» **ABOUT THIS EXERCISE**
Print each entry below precisely as it reads.

(Records excerpted from a collection)
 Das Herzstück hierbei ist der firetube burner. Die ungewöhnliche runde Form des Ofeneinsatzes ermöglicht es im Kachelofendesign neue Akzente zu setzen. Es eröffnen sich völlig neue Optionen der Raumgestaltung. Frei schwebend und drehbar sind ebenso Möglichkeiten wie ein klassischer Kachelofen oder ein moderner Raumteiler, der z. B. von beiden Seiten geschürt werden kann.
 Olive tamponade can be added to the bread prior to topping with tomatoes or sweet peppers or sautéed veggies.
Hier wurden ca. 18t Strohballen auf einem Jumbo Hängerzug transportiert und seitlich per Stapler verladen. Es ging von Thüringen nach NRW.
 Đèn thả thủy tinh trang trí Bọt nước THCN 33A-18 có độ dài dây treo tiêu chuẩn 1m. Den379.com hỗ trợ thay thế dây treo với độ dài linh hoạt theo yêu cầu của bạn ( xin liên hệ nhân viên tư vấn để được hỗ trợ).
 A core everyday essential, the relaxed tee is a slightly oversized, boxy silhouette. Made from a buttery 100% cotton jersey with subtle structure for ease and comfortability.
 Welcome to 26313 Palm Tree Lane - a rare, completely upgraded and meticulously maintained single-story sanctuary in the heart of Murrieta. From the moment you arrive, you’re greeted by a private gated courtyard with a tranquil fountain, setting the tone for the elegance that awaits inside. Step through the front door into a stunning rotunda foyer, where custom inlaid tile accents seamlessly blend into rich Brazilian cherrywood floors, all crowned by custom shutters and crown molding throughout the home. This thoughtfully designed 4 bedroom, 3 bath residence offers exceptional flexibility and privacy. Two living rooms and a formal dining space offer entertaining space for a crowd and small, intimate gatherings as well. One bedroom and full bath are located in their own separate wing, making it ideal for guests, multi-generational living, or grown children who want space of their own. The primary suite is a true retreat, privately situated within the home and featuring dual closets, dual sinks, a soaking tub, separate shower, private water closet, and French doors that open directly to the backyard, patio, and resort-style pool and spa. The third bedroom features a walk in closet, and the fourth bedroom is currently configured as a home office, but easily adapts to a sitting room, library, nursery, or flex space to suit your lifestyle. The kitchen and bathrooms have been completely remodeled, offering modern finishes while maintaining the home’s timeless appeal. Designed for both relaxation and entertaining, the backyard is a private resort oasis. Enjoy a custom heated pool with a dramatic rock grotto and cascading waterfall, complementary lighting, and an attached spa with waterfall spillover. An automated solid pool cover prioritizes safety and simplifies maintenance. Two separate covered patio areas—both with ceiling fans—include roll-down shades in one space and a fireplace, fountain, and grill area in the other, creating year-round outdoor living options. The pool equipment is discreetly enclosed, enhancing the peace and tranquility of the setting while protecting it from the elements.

» **RESPONSE TO THE EXERCISE**
 Das Herzstück hierbei ist der firetube burner. Die ungewöhnliche runde Form des Ofeneinsatzes ermöglicht es im Kachelofendesign neue Akzente zu setzen. Es eröffnen sich völlig neue Optionen der Raumgestaltung. Frei schwebend und drehbar sind ebenso Möglichkeiten wie ein klassischer Kachelofen oder ein moderner Raumteiler, der z. B. von beiden Seiten geschürt werden kann.
 Olive tamponade can be added to the bread prior to topping with tomatoes or sweet peppers or sautéed veggies.
Hier wurden ca. 18t Strohballen auf einem Jumbo Hängerzug transportiert und seitlich per Stapler verladen. Es ging von Thüringen nach NRW.
 Đèn thả thủy tinh trang trí Bọt nước THCN 33A-18 có độ dài dây treo tiêu chuẩn 1m. Den379.com hỗ trợ thay thế dây treo với độ dài linh hoạt theo yêu cầu của bạn ( xin liên hệ nhân viên tư vấn để được hỗ trợ).
 A core everyday essential, the relaxed tee is a slightly oversized, boxy silhouette. Made from a buttery 100% cotton jersey with subtle structure for ease and comfortability.
 Welcome to 26313 Palm Tree Lane - a rare, completely upgraded and meticulously maintained single-story sanctuary in the heart of Murrieta. From the moment you arrive, you’re greeted by a private gated courtyard with a tranquil fountain, setting the tone for the elegance that awaits inside. Step through the front door into a stunning rotunda foyer, where custom inlaid tile accents seamlessly blend into rich Brazilian cherrywood floors, all crowned by custom shutters and crown molding throughout the home. This thoughtfully designed 4 bedroom, 3 bath residence offers exceptional flexibility and privacy. Two living rooms and a formal dining space offer entertaining space for a crowd and small, intimate gatherings as well. One bedroom and full bath are located in their own separate wing, making it ideal for guests, multi-generational living, or grown children who want space of their own. The primary suite is a true retreat, privately situated within the home and featuring dual closets, dual sinks, a soaking tub, separate shower, private water closet, and French doors that open directly to the backyard, patio, and resort-style pool and spa. The third bedroom features a walk in closet, and the fourth bedroom is currently configured as a home office, but easily adapts to a sitting room, library, nursery, or flex space to suit your lifestyle. The kitchen and bathrooms have been completely remodeled, offering modern finishes while maintaining the home’s timeless appeal. Designed for both relaxation and entertaining, the backyard is a private resort oasis. Enjoy a custom heated pool with a dramatic rock grotto and cascading waterfall, complementary lighting, and an attached spa with waterfall spillover. An automated solid pool cover prioritizes safety and simplifies maintenance. Two separate covered patio areas—both with ceiling fans—include roll-down shades in one space and a fireplace, fountain, and grill area in the other, creating year-round outdoor living options. The pool equipment is discreetly enclosed, enhancing the peace and tranquility of the setting while protecting it from the elements.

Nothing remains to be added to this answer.